Given entries:
+++

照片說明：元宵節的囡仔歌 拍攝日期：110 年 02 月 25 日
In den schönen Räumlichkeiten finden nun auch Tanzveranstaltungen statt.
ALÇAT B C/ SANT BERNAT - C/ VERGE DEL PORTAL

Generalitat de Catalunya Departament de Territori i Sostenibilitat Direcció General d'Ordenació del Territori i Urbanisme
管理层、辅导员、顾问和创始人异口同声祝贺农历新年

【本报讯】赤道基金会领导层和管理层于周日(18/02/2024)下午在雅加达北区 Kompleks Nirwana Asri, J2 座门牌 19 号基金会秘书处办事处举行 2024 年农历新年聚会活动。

+++

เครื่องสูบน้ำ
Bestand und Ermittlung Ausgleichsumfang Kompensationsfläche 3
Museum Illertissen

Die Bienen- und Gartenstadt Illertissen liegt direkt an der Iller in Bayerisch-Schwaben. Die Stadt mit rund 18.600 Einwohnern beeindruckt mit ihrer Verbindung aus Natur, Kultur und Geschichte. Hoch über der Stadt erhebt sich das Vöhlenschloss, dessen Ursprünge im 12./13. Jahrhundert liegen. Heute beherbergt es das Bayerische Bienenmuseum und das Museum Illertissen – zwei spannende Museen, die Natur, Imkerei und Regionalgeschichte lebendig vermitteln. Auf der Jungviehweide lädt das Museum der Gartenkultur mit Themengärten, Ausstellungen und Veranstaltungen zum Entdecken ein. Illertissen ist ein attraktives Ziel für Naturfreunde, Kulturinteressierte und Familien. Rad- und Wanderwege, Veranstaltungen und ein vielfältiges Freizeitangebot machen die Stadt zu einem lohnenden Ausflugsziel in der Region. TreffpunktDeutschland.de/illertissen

+++

Assignment: Above are some records; copy each line there that contains "Museum".

Response to this task:
Museum Illertissen
Die Bienen- und Gartenstadt Illertissen liegt direkt an der Iller in Bayerisch-Schwaben. Die Stadt mit rund 18.600 Einwohnern beeindruckt mit ihrer Verbindung aus Natur, Kultur und Geschichte. Hoch über der Stadt erhebt sich das Vöhlenschloss, dessen Ursprünge im 12./13. Jahrhundert liegen. Heute beherbergt es das Bayerische Bienenmuseum und das Museum Illertissen – zwei spannende Museen, die Natur, Imkerei und Regionalgeschichte lebendig vermitteln. Auf der Jungviehweide lädt das Museum der Gartenkultur mit Themengärten, Ausstellungen und Veranstaltungen zum Entdecken ein. Illertissen ist ein attraktives Ziel für Naturfreunde, Kulturinteressierte und Familien. Rad- und Wanderwege, Veranstaltungen und ein vielfältiges Freizeitangebot machen die Stadt zu einem lohnenden Ausflugsziel in der Region. TreffpunktDeutschland.de/illertissen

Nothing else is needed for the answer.